The synchronization activity is complex. Each replica may have multiple tiers (web, integration, database) and each tier may involve a dozen major software and/or hardware components. The replicas are frequently in different data centers with different network topologies, different interconnects with other (usually non-production!) services and applications and different application configuration data. In addition, to save on infrastructure costs, the replicas are frequently crippled versions of production with fewer CPUs or actually a shared environment, i.e., the functional test and development integration replicas may run on the same physical host(s). If production and its replicas support multiple applications, the complexity is even higher as you have multiple releases of these applications running through the replicas and they share some dependencies on the infrastructure.

So having replicas is useful, but costly. How can this cost be managed and reduced?

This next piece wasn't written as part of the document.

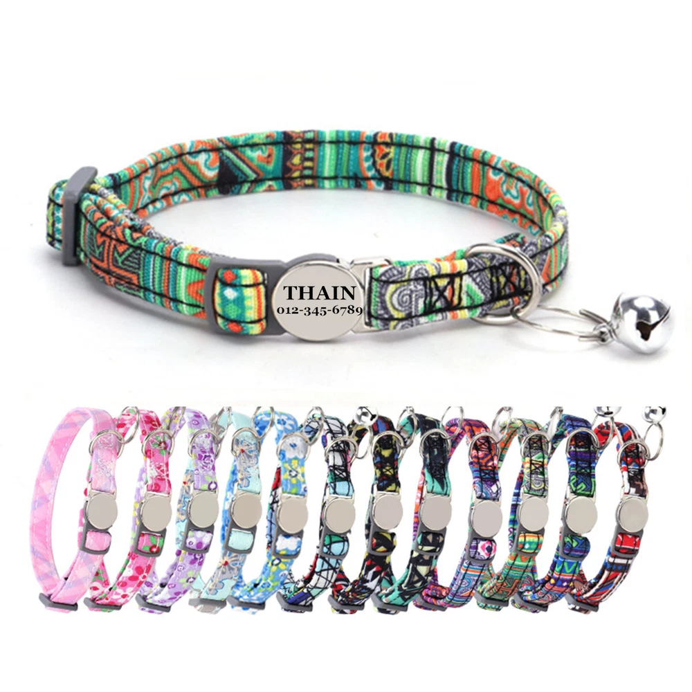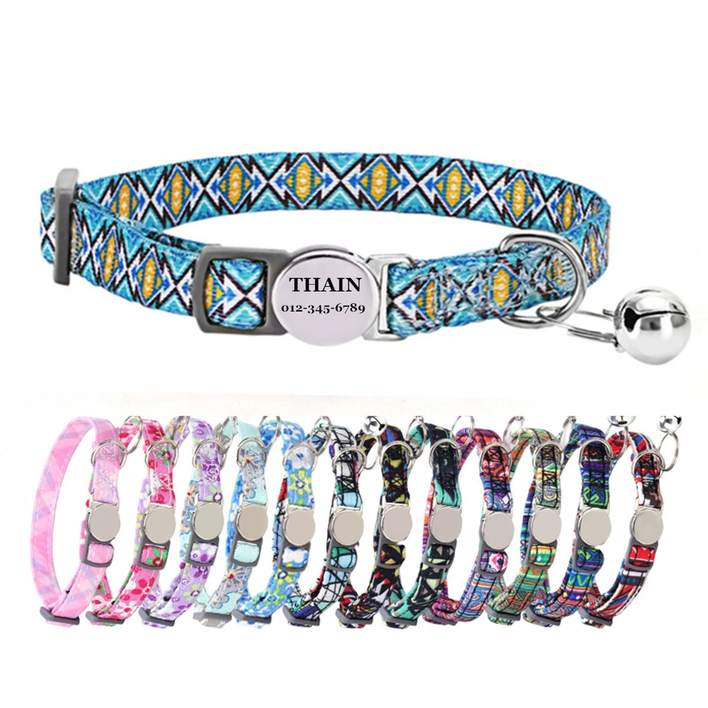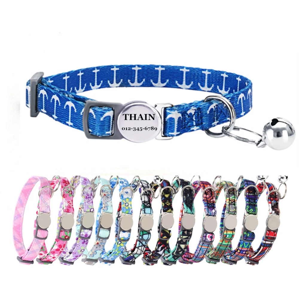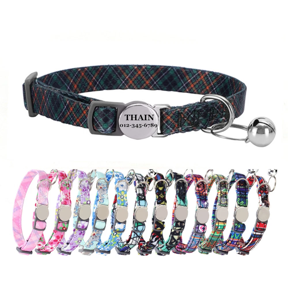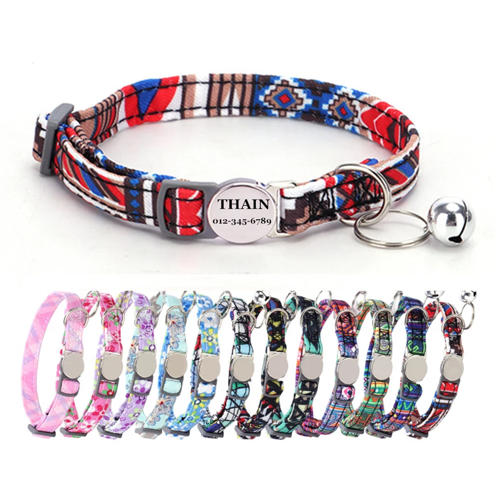 Product Name: THAIN Cat Collar Personalized with Bell-Custom Cat Collar Engraved nameplate with Name and Phone,Adjustable for Cats and Kitten Material: Nylon+ Half Metal Buckle Size: S (7"-11")(18-28cm) How to Order Please write engraving details in box at the top of listing page. Product Features: ★ 【 Adjustable Size 】 0.39 inch width,neck adjustable is 7 inch to 11 inch(18 to 28cm),adjustable design makes it fit most cat from teenager to senior, even good for other small pets in similar size; Please confirm the size before purchase ★ 【 Half Metal Buckle 】 Half Metal Buckle can be engraved words, quick release is easy for you to put on and off. ★ 【 Material 】 Made of durable nylon with printing pattern, The nylon webbing has smooth sewed edges. Great for almost all indoor cats and small puppy dogs. ★ 【 Multiple flower patterns 】 There are different 16 multiple patterns to choose, flower, plaid, Green Camo and so on ★ 【 No More Noise 】 The half metal buckle is made of stainless steel but lightweight. Compared with hanging tags, it will never get caught somewhere and great for quiet cats, no more noise to hite the bowl when eat or drink. Metal Buckle where we will engrave the pet's name and phone number or address Laser engraving makes words are clear, keeps pet's information engraved permanent. Note: For engraved words,please send us a message as below: Line 1: pet's name Line 2: phone number Smaple: Line 1: Bella Line 2: 012-345-6789 How to choose the right size? Measurement Tips: Please use a soft ruler around your Cat's neck, to measure the surrounding of it. Please don't make it too tight. Better leave a space that can put 2 fingers. So your puppy may feel more comfortable. Package include: 1 pcs pet collar Shipping: 1.Items will be sent out in 24-48 hours on payment received from Monday to Saturday. Orders during weekends and holidays will be posted in the following working day. 2.it usually will take 15-20 business days to arrive by SPEEDPAK. 3.Please make sure your shipping address and the order information is correct before placing an order. We will not be responsible for item loss due to wrong or unknown address. 4.International buyers are responsible for duties and customs fees. Return Policy & Warranty: 1. In our store, you will enjoy 30 days return/refund guarantee (Excluding misuse of the item and damaged item). 2. If the item you received is faulty, damaged or incorrect, or any further problems, you can return it for replacement or refund, please contact our customer service on eBay within 30 days from item received. 3.For damaged items on arrival, please contact us immediately, sending us an email with a photo is preferred. We will offer solutions to such cases. Full refund or replacement will be guaranteed. Contact us: Customer satisfaction is very important to us, our goal is to earn 5 star positive feedback on every sale! We would appreciate the chance to correct any problems before posting anything other than 5 stars positive feedback. So if for ANY reason you are not happy, please contact us directly through “My Massage” or "Ask Seller Q". We will get back to you as soon as we are available. We are always stand-by to help for any questions or concerns.

Reduce the number of replicas. As the title of this post suggests, you only need 3 logical replicas:
- one shared replica for development,
- the second for development integration & functional test
- and the third for performance testing.
I suggest that development integration & functional test share the same physical replica to avoid the otherwise inevitable releases that fail testing's initial "sniff test" due to environmental differences.

If you have a Disaster Recovery environment (as you should), it should already be a 100% fidelity replica of production and you should consider using it as your performance test replica (reducing the number of non-production replicas to 2!). In addition to eliminating the need for a separate replica, using your DR replica for performance testing will increase the likelihood that your performance tests will be accurate and that DR will work correctly in the event of an actual disaster, instead of just during a DR test. If you're using (some or all) of your DR replica to support production usage, i.e., load sharing, you may have to make adjustments, e.g., time-shifting your performance tests to periods of low volume. If your DR has passive nodes that are only active during a disaster or test, you may have to adopt new methods for activating and passivating these tiers or retain (portions of) a separate replica.

Adopt the use of VMWare or other deployment provisioning tools to make it easy to run development replicas on developer workstations. Your developer's workstations or laptops should be beefy enough to deploy the entire application environment (if they're not, your developers are probably less productive than they could be). Again, if you're successful at this, you may be able to get rid of another replica.

Adopt the use of Tripwire or other tools to track all system and application changes at a granular level. Incorporate these tools into your change management process. Make this information available on-line to the development/test teams, so they know what's changing and when. Ideally, your production environment should be using the same toolset as well.

Friday, April 28, 2006

A fool with a tool...with enhancement (Aphorism of the Day)

I know this aphorism has been around for a long time, but I first heard it from Michael Marden a couple of years ago (Thanks, Michael!).... I've extended it a little...

A fool with a tool is still a fool, but if you build your own tool when it could have been bought or "borrowed" (open source), then you're the biggest fool of all....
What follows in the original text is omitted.